_Data extract_
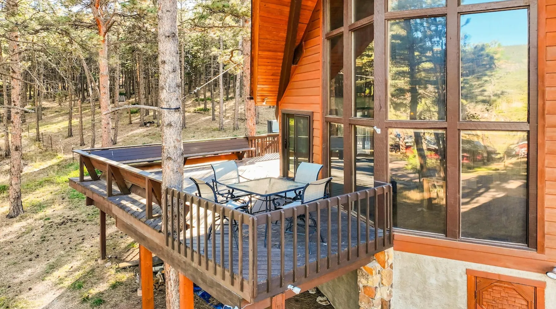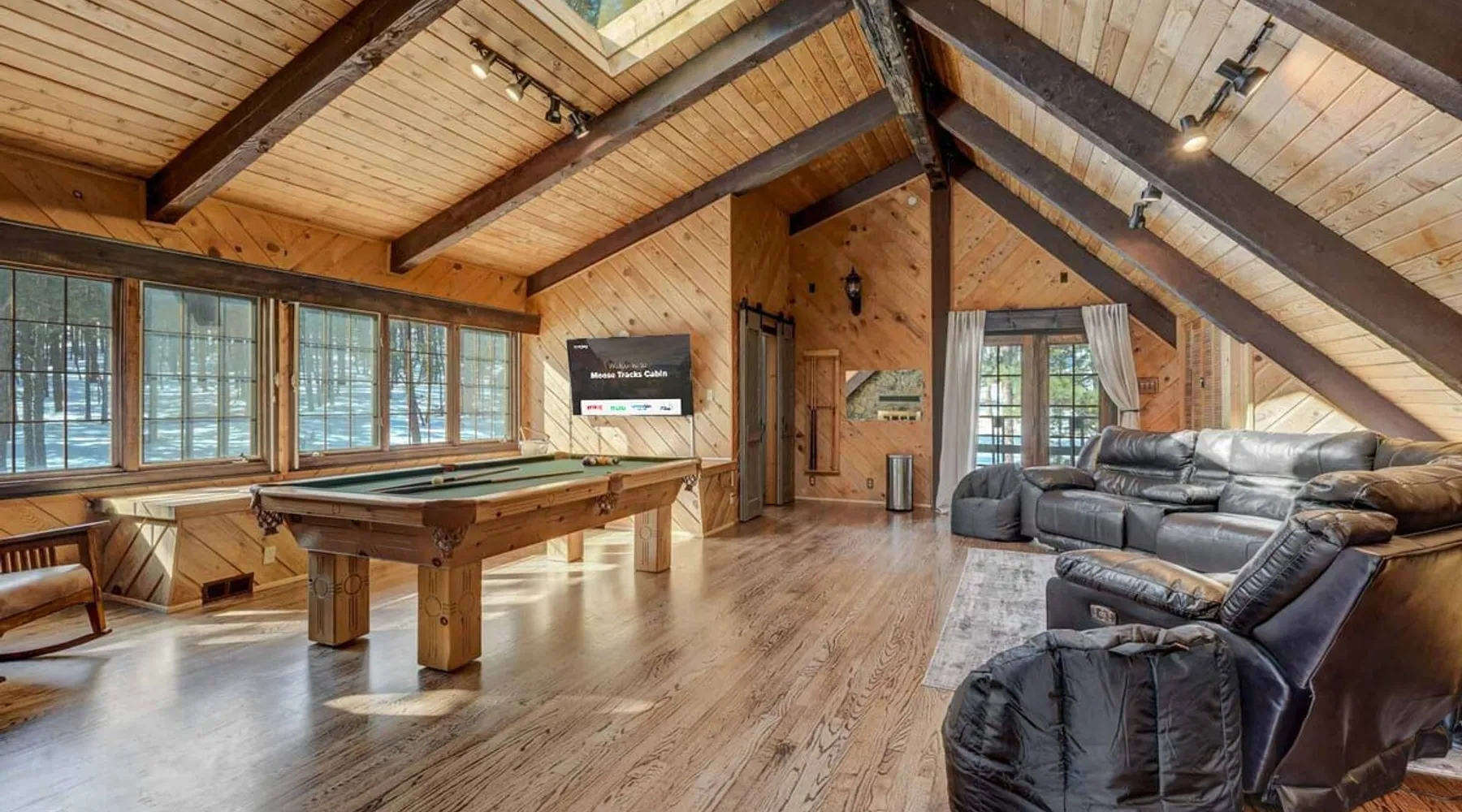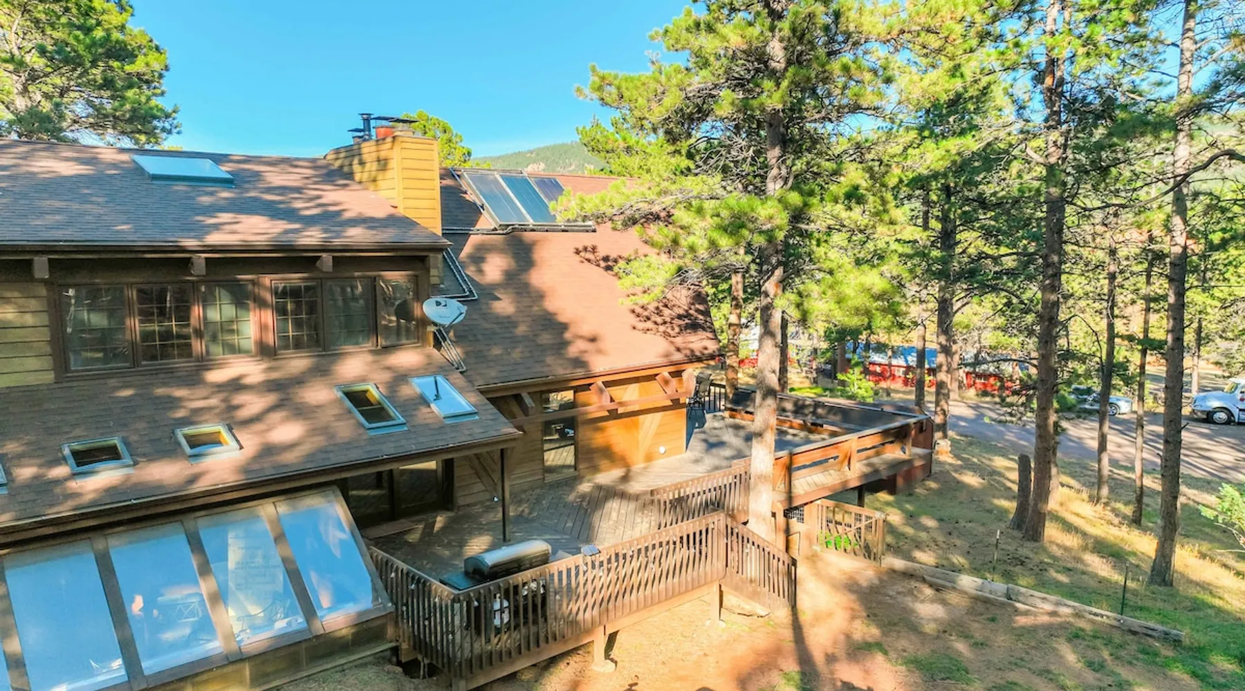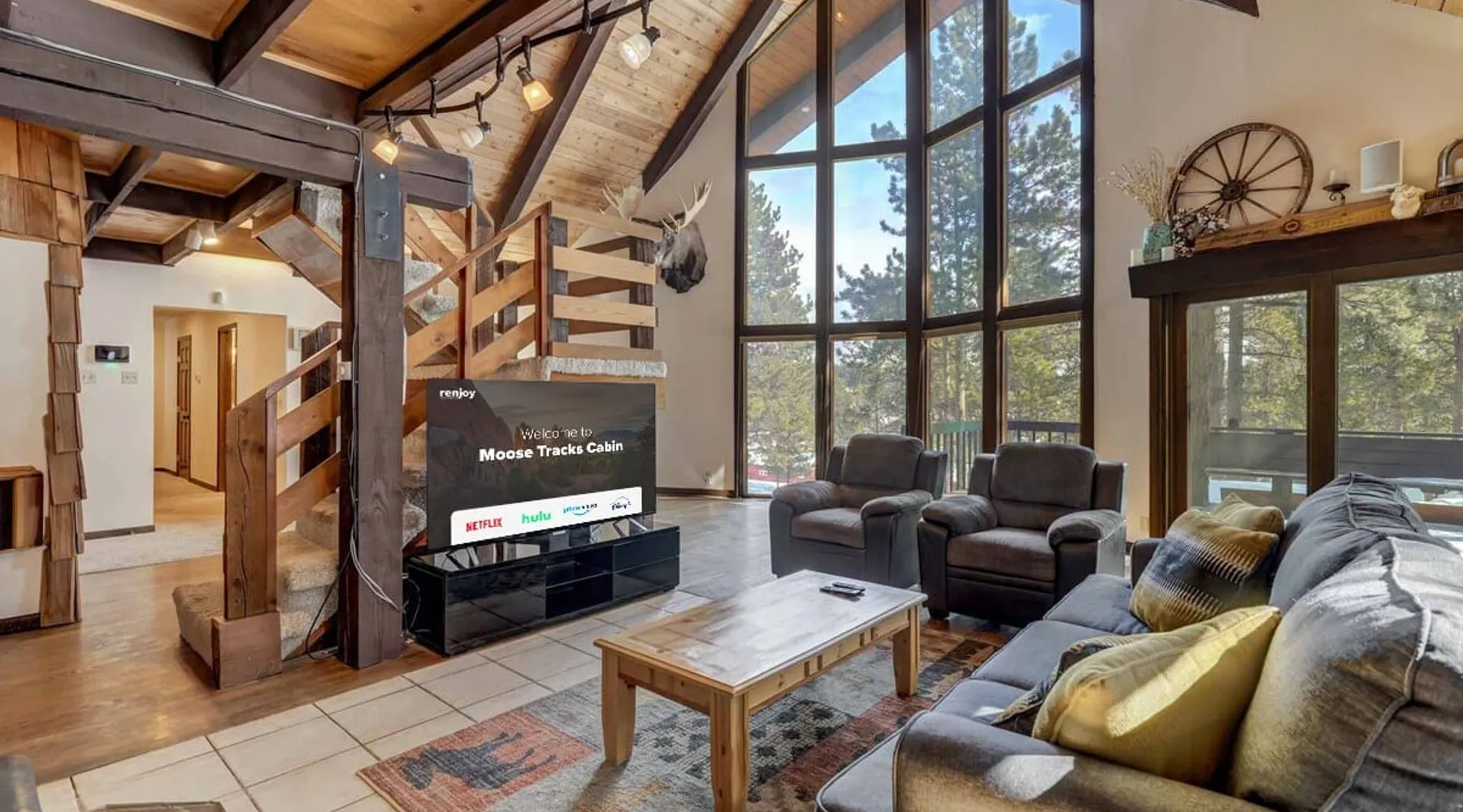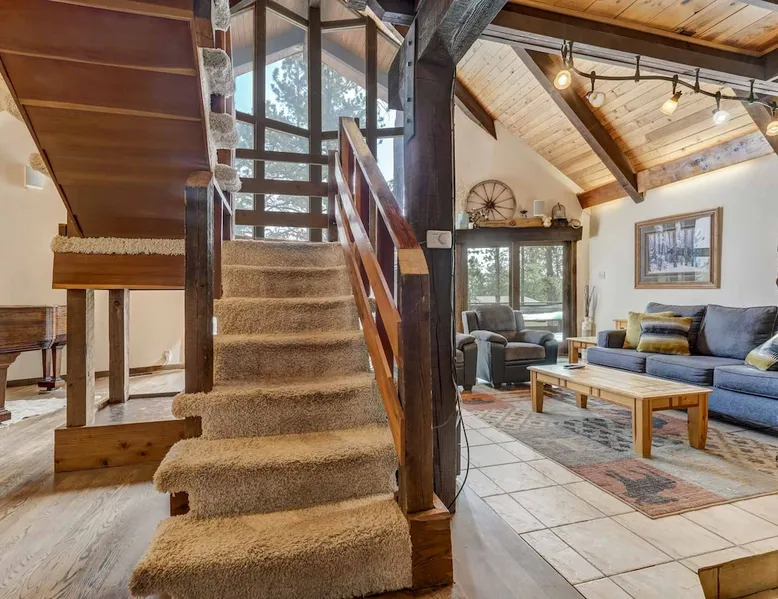 Welcome to Moose Tracks Cabin! Situated among towering pine trees, offering breathtaking mountain views, perfect for large families, groups of friends. 🏡 Top-rated vacation rental in Woodland Park, Colorado! 🛁 Hot tub, BBQ, fire pit, Pool table outdoor seating w/ mountain views! 🐾 Pet-friendly – furry friends welcome! 🌐 Fast WiFi w/ dedicated workspace & Smart TVs! 🏋 Multi-station gym equipment, row machine, & kettlebells! 🍽️ Fully-stocked kitchen! Book your ultimate cabin getaway now! The space Welcome to our serene retreat nestled amidst the Ponderosa Pines – a perfect blend of classic comfort and contemporary luxury, sprawled across 3.21 acres. Ideally situated near town and major thoroughfares, this estate features an expansive garage and artisanal wood shop. A recent addition effortlessly integrates modern aesthetics with the natural landscape. 🔥 Inviting Living Space: Cocoon yourself by the grand fireplace in our capacious living room, enveloping you in warmth and opulence during chilly evenings. 🍳 Gourmet Kitchen: Discover culinary delights in our kitchen boasting exquisite granite countertops, ample storage, state-of-the-art appliances tailored for culinary excellence, and a convenient adjacent study nook. 🌳 Al Fresco Experience: Step onto the sprawling deck adjoining the kitchen, ideal for al fresco dining and soirées, overlooking the expansive fenced backyard. Indulge in the luxurious outdoor hot tub for a relaxing experience. 🧖 Sauna Retreat: Retreat to the sauna room after a day of outdoor adventures, offering a sanctuary for unwinding and rejuvenation. 🛏️ Bedroom Setup: Bedroom 1: Queen bed Bedroom 2: 2 bunk beds, 1 sofa bed Bedroom 3: Double bed Bedroom 4: Queen bed Bedroom 5: King bed, 1 sofa bed 🎱 Upstairs Escape: Ascend to the upper level, a chic haven perfect for leisure and entertainment. Enjoy a game of billiards, indulge in entertainment with a Smart TV, and relish ample space for relaxation. The lavishly renovated bathroom adds a touch of sophistication to your stay. 🏋️ The Basement: Head downstairs to our private fitness center, fully equipped with multiple exercise machines, a rowing machine, a treadmill, and kettlebells, ensuring you have all you need for a solid fitness routine. Experience our thoughtfully designed retreat at [Property Name]. We've meticulously planned every detail to ensure you have a comfortable and enjoyable stay, perfectly combining luxury living with the peacefulness of nature. Guest access 🔑 During your stay, you will have complete access to the entire property, including all its amenities and facilities. This covers bedrooms, living spaces, the kitchen, backyard, and everything else the house has to offer. You are welcome to make use of everything available to ensure a comfortable and enjoyable experience. Please feel free to let us know if there's anything specific you'd like to know about the property or if you have any special requests during your stay. We want to ensure that you have a wonderful time while you're here. Other things to note 📜 Rental Agreement: For a seamless booking experience, a Rental Agreement is required for all reservations. Once your reservation is confirmed, we’ll provide details for completing the agreement. 🔑 Check-In Process: For a seamless check-in experience, your unique code along with your check-in instructions will be updated into your personalized guidebook on the morning of your arrival. You’ll use this code for entry. ☕ Starter Supply: We’ve prepared a starter supply that includes paper towels, coffee K-cups, toilet paper, shampoo, body wash, and plush white towels! We hope these amenities add an extra touch of comfort to your stay. ⏰ Unauthorized Late Checkout Fee: $20 Per Half Hour Late 💵 Additional Fees: For guests bringing dogs, there is a mandatory pet fee of $100 per dog, collected after booking. A maximum of 2 dogs is allowed per reservation unless otherwise approved. No other animals are permitted. Optional services, including early check-in, late check-out, and additional guests, can be arranged upon request and are subject to availability. These additional fees help cover the cost of reworking the schedule or adding an additional cleaner if needed. Please message us ahead of time for pricing and availability.
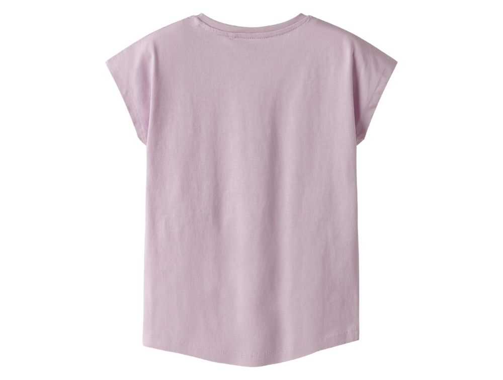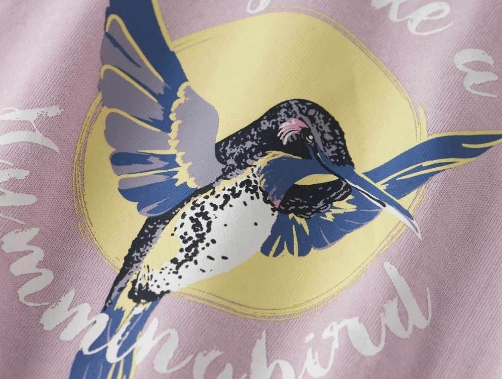 T-shirt i rosa violet nuance fra Name It med stort print af kolibri og teksten "Fly like a hummingbird".
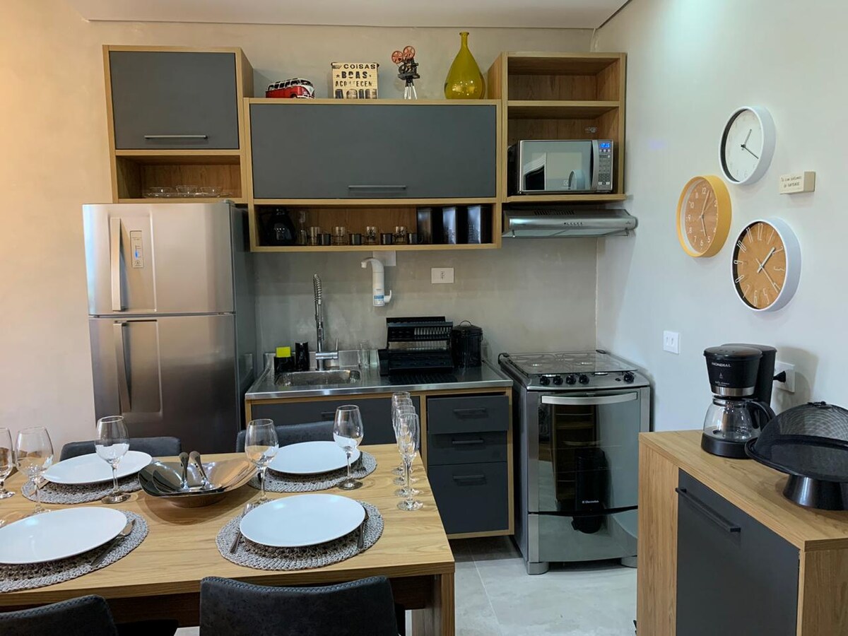Բնակարան Ալֆավիլի սրտում ՝ աշխատելու, սովորելու, հանգստանալու, խորհրդատվությունների, հարցազրույցների, քննությունների, դասընթացների համար ։ Երկտեղանոց մահճակալ և բազմոց մահճակալ: Առևտրային օբյեկտների և, առհասարակ, ծառայությունների մոտակայքում ։ Ամեն ինչ հարևանությամբ և... ոտքով: Գործում է ջեռուցվող լողավազան և մարզասրահ ։ Մաքրել վարագույրները ձեր հանգստի համար: Խոհանոց ՝ ամեն ինչով ։ Տարածք ավտոտնակում, որը ներառված է կացարանում ։ Ipê - ն աշխատում է տախտակի հատակով ։
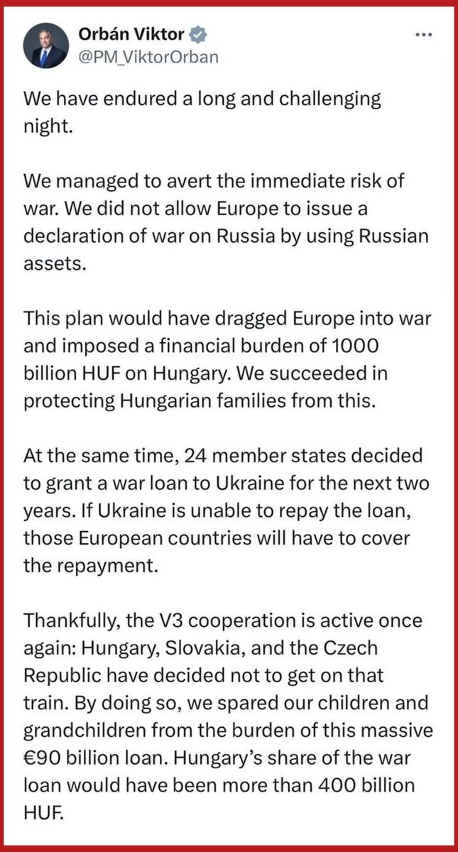 » Премьер-министр Венгрии Виктор Орбан заявил, что стране удалось преодолеть серьёзный дипломатический кризис и предотвратить опасную эскалацию. По его словам, венгерская позиция помешала Европе сделать шаг к прямому объявлению войны России, используя при этом российские финансовые ресурсы. «Этот план не только втянул бы континент в войну, но и возложил бы на Венгрию неподъёмное финансовое бремя в размере 1000 млрд форинтов ($3 млрд) Нам удалось защитить от этого венгерские семьи», — подчеркнул политик. Орбан отметил, что, к счастью, Венгрия, Словакия и Чехия решили не участвовать в этой схеме. «Тем самым мы сняли с будущих поколений венгров обязательства по чужому долгу, который обошёлся бы нам более чем в 400 млрд форинтов ($1,2 млрд)», — заявил премьер-министр. Он также пообещал не допустить использования денег венгерских налогоплательщиков для финансирования режима Зеленского. Подпишись на Телеграм Александр Семченко

_Task item_
Return all of the material above unchanged, minus its pictures.

_Exercise result_
 Welcome to Moose Tracks Cabin! Situated among towering pine trees, offering breathtaking mountain views, perfect for large families, groups of friends. 🏡 Top-rated vacation rental in Woodland Park, Colorado! 🛁 Hot tub, BBQ, fire pit, Pool table outdoor seating w/ mountain views! 🐾 Pet-friendly – furry friends welcome! 🌐 Fast WiFi w/ dedicated workspace & Smart TVs! 🏋 Multi-station gym equipment, row machine, & kettlebells! 🍽️ Fully-stocked kitchen! Book your ultimate cabin getaway now! The space Welcome to our serene retreat nestled amidst the Ponderosa Pines – a perfect blend of classic comfort and contemporary luxury, sprawled across 3.21 acres. Ideally situated near town and major thoroughfares, this estate features an expansive garage and artisanal wood shop. A recent addition effortlessly integrates modern aesthetics with the natural landscape. 🔥 Inviting Living Space: Cocoon yourself by the grand fireplace in our capacious living room, enveloping you in warmth and opulence during chilly evenings. 🍳 Gourmet Kitchen: Discover culinary delights in our kitchen boasting exquisite granite countertops, ample storage, state-of-the-art appliances tailored for culinary excellence, and a convenient adjacent study nook. 🌳 Al Fresco Experience: Step onto the sprawling deck adjoining the kitchen, ideal for al fresco dining and soirées, overlooking the expansive fenced backyard. Indulge in the luxurious outdoor hot tub for a relaxing experience. 🧖 Sauna Retreat: Retreat to the sauna room after a day of outdoor adventures, offering a sanctuary for unwinding and rejuvenation. 🛏️ Bedroom Setup: Bedroom 1: Queen bed Bedroom 2: 2 bunk beds, 1 sofa bed Bedroom 3: Double bed Bedroom 4: Queen bed Bedroom 5: King bed, 1 sofa bed 🎱 Upstairs Escape: Ascend to the upper level, a chic haven perfect for leisure and entertainment. Enjoy a game of billiards, indulge in entertainment with a Smart TV, and relish ample space for relaxation. The lavishly renovated bathroom adds a touch of sophistication to your stay. 🏋️ The Basement: Head downstairs to our private fitness center, fully equipped with multiple exercise machines, a rowing machine, a treadmill, and kettlebells, ensuring you have all you need for a solid fitness routine. Experience our thoughtfully designed retreat at [Property Name]. We've meticulously planned every detail to ensure you have a comfortable and enjoyable stay, perfectly combining luxury living with the peacefulness of nature. Guest access 🔑 During your stay, you will have complete access to the entire property, including all its amenities and facilities. This covers bedrooms, living spaces, the kitchen, backyard, and everything else the house has to offer. You are welcome to make use of everything available to ensure a comfortable and enjoyable experience. Please feel free to let us know if there's anything specific you'd like to know about the property or if you have any special requests during your stay. We want to ensure that you have a wonderful time while you're here. Other things to note 📜 Rental Agreement: For a seamless booking experience, a Rental Agreement is required for all reservations. Once your reservation is confirmed, we’ll provide details for completing the agreement. 🔑 Check-In Process: For a seamless check-in experience, your unique code along with your check-in instructions will be updated into your personalized guidebook on the morning of your arrival. You’ll use this code for entry. ☕ Starter Supply: We’ve prepared a starter supply that includes paper towels, coffee K-cups, toilet paper, shampoo, body wash, and plush white towels! We hope these amenities add an extra touch of comfort to your stay. ⏰ Unauthorized Late Checkout Fee: $20 Per Half Hour Late 💵 Additional Fees: For guests bringing dogs, there is a mandatory pet fee of $100 per dog, collected after booking. A maximum of 2 dogs is allowed per reservation unless otherwise approved. No other animals are permitted. Optional services, including early check-in, late check-out, and additional guests, can be arranged upon request and are subject to availability. These additional fees help cover the cost of reworking the schedule or adding an additional cleaner if needed. Please message us ahead of time for pricing and availability.
 T-shirt i rosa violet nuance fra Name It med stort print af kolibri og teksten "Fly like a hummingbird".
Բնակարան Ալֆավիլի սրտում ՝ աշխատելու, սովորելու, հանգստանալու, խորհրդատվությունների, հարցազրույցների, քննությունների, դասընթացների համար ։ Երկտեղանոց մահճակալ և բազմոց մահճակալ: Առևտրային օբյեկտների և, առհասարակ, ծառայությունների մոտակայքում ։ Ամեն ինչ հարևանությամբ և... ոտքով: Գործում է ջեռուցվող լողավազան և մարզասրահ ։ Մաքրել վարագույրները ձեր հանգստի համար: Խոհանոց ՝ ամեն ինչով ։ Տարածք ավտոտնակում, որը ներառված է կացարանում ։ Ipê - ն աշխատում է տախտակի հատակով ։
 » Премьер-министр Венгрии Виктор Орбан заявил, что стране удалось преодолеть серьёзный дипломатический кризис и предотвратить опасную эскалацию. По его словам, венгерская позиция помешала Европе сделать шаг к прямому объявлению войны России, используя при этом российские финансовые ресурсы. «Этот план не только втянул бы континент в войну, но и возложил бы на Венгрию неподъёмное финансовое бремя в размере 1000 млрд форинтов ($3 млрд) Нам удалось защитить от этого венгерские семьи», — подчеркнул политик. Орбан отметил, что, к счастью, Венгрия, Словакия и Чехия решили не участвовать в этой схеме. «Тем самым мы сняли с будущих поколений венгров обязательства по чужому долгу, который обошёлся бы нам более чем в 400 млрд форинтов ($1,2 млрд)», — заявил премьер-министр. Он также пообещал не допустить использования денег венгерских налогоплательщиков для финансирования режима Зеленского. Подпишись на Телеграм Александр Семченко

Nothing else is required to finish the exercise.